Customers have said that using error mitigation and detection can allow them to derive significantly more utility from quantum circuits than competing quantum computers.

Error removal and mitigation are common techniques that require intensive efforts by most quantum computing companies and the entire quantum computing community.

Quantum Circuits’ error-detecting dual-rail qubit innovation enables errors to be detected and corrected first to avoid disrupting large-scale performance. This system will make it possible to obtain approximately 10 to 20 physical quantum qubits instead of 200 physical qubits for each error-correcting logical qubit.

The superconducting system used by Quantum Circuits can operate at 4 megahertz while many other approaches operate at 1 kilohertz. This means that if there were no errors or delays, a superconducting quality control system could perform 4 million operations in one second, while a system of 1 would take over an hour. kilohertz for this number of operations. Theoretically, 4 megahertz could achieve in 8 hours what could take a slower system a year. This means that current experiments and explorations happen more quickly. In the future, this could mean that useful quantum solutions could be produced more quickly.

The chief scientist is a legend in the field

Robert Schoelkopf is Quantum’s chief scientist.

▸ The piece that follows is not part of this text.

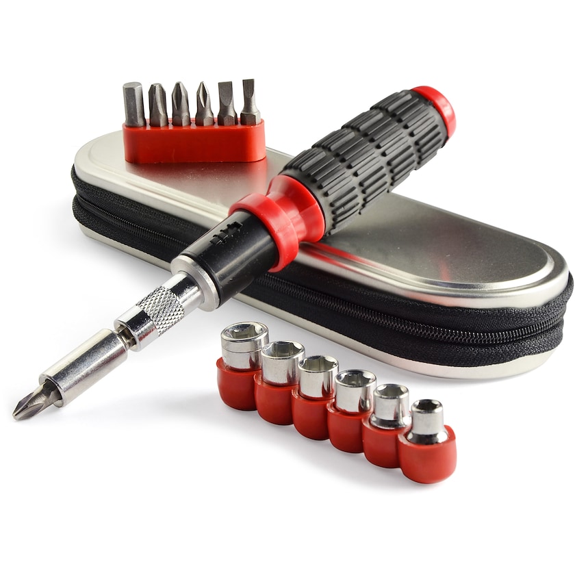 Professionellt verktygsset med skruvmejsel och bitsar. Setet levereras i en praktisk metallask med dragkedja. Märkning sker på asken.

Robert Schoelkopf is a pioneering physicist who has made important contributions to the field of quantum computing, notably in the development of superconducting qubits. His achievements propelled research into quantum computing and laid the foundation for practical quantum computers.

With his colleagues Michel Devoret and Steven Girvin of Yale, Schoelkopf created the field of quantum electrodynamics of circuits. Schoelkopf’s team developed a quantum information bus, enabling the transfer of quantum states between distant qubits.

He developed several quantum algorithms and contributed to the field of quantum error correction.

The Quantum Circuits Acumen Seeker is an innovative quantum processing unit with the following specifications:

Number of qubits: It currently has 8 qubits.

Qubit architecture: uses dual-rail cavity qubits with integrated error detection, which includes quantum error detection (QED), error detection handling (EDH), and real-time control flow ( RTCF).

Error correction: The system is designed to improve scalability and performance by integrating error detection directly into the qubit architecture, paving the way for fault-tolerant quantum computing without the need for scaling techniques. scaled by brute force.

Integration: It completes a complete quantum computing system that includes cloud services, software development kit (SDK), and simulators.

Performance: The dual-rail qubit approach focuses on high fidelity and efficiency per qubit, with the goal of achieving better results with fewer qubits compared to traditional scaling methods.

Application: This hardware is used by enterprise customers to develop and test quantum algorithms, highlighting its use in exploring quantum use cases across various industries.

Brian Wang is a futurist thought leader and popular science blogger with 1 million monthly readers. His blog Nextbigfuture.com is ranked #1 science news blog. It covers many disruptive technologies and trends, including space, robotics, artificial intelligence, medicine, anti-aging biotechnology and nanotechnology.

Known for identifying cutting-edge technologies, he is currently a startup co-founder and fundraiser for high-potential early-stage companies. He is head of research for allocations for deep technology investments and an angel investor at Space Angels.

A frequent corporate speaker, he has been a TEDx speaker, a speaker at Singularity University, and a guest on numerous radio and podcast interviews. He is open to public speaking and consulting assignments.